Change-Id: Iea922e737fa870f2edf0c24aa81927535f779d8b
Bug: 382500834
Reviewed-on: https://chromium-review.googlesource.com/c/chromium/src/+/6074470
Reviewed-by: Andrew Verge <averge@chromium.org>
Reviewed-by: Dominic Farolino <dom@chromium.org>
Commit-Queue: Liam Brady <lbrady@google.com>
Reviewed-by: Arthur Sonzogni <arthursonzogni@chromium.org>
Cr-Commit-Position: refs/heads/main@{#1403202}
---
 ...-data-cross-origin-ancestor.sub.https.html | 53 ++++++++++++++++
 ...acon-data-cross-origin-subframe.https.html | 26 +++++---
 ...-beacon-data-multiple-ancestors.https.html | 62 +++++++++++++++++++
 ...atic-beacon-data-set-by-sibling.https.html | 59 ++++++++++++++++++
 .../resources/automatic-beacon-helper.js      |  3 +-
 5 files changed, 191 insertions(+), 12 deletions(-)

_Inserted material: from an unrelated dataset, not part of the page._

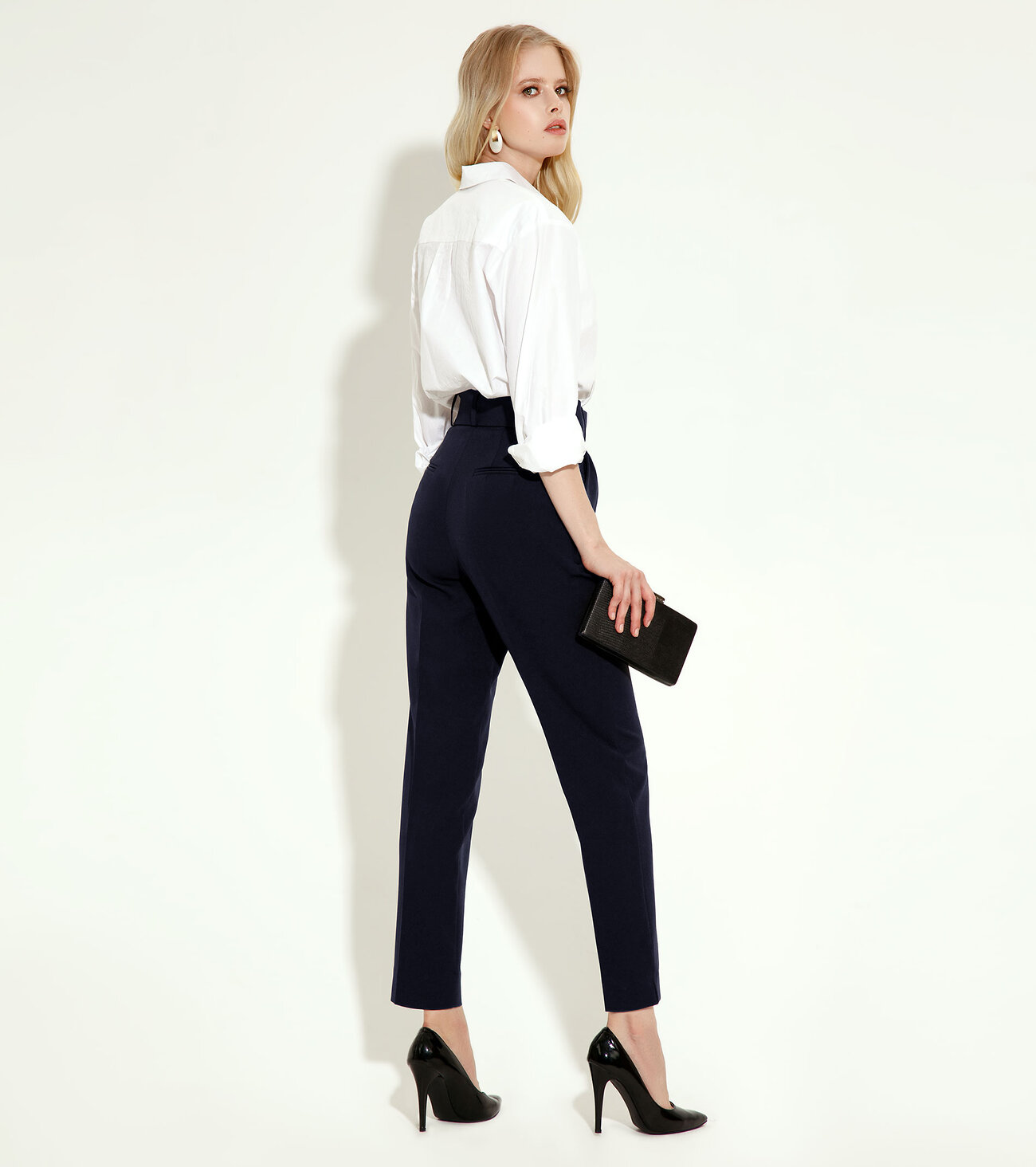 Стильные молодежные брюки с высокой посадкой на талии. Брюки заужены к низу, по низу по бокам разрезы. По переду от пояса имеются складочки. По бокам карманы. Брюки дополнены широким поясом с обтяжной пряжкой из основной ткани. Такие брюки отличный вариант как для офиса, так и для любого светского мероприятия.Размер 42: Высота посадки - 30,5см, Длина брюк без пояса - 96,5см, Длина по внутреннему шву - 73,5см, Ширина брючин сверху - 62см, Обхват брюк по низу - 33см, Ширина по бедрам - 47,5см, Ширина по талии - 32,5см;

 create mode 100644 fenced-frame/automatic-beacon-data-cross-origin-ancestor.sub.https.html
 create mode 100644 fenced-frame/automatic-beacon-data-multiple-ancestors.https.html
 create mode 100644 fenced-frame/automatic-beacon-data-set-by-sibling.https.html

diff --git a/fenced-frame/automatic-beacon-data-cross-origin-ancestor.sub.https.html b/fenced-frame/automatic-beacon-data-cross-origin-ancestor.sub.https.html
new file mode 100644
index 00000000000000..e66d2adddb01a8
--- /dev/null
+++ b/fenced-frame/automatic-beacon-data-cross-origin-ancestor.sub.https.html
@@ -0,0 +1,53 @@
+<!DOCTYPE html>
+<title>Test window.fence.setReportEventDataForAutomaticBeacons</title>
+<script src="/resources/testharness.js"></script>
+<script src="/resources/testharnessreport.js"></script>
+<script src="/common/utils.js"></script>
+<script src="/common/dispatcher/dispatcher.js"></script>
+<script src="resources/utils.js"></script>
+<script src="/resources/testdriver.js"></script>
+<script src="/resources/testdriver-actions.js"></script>
+<script src="/resources/testdriver-vendor.js"></script>
+<script src="/common/get-host-info.sub.js"></script>
+<script src="resources/automatic-beacon-helper.js"></script>
+
+<body>
+<script>
+promise_test(async(t) => {
+  // This test creates the following frame tree:
+  // Root Frame (A)
+  //  └─Fenced Frame (A)
+  //     └─IFrame (B) [sets data]
+  //        └─IFrame (C) [performs navigation]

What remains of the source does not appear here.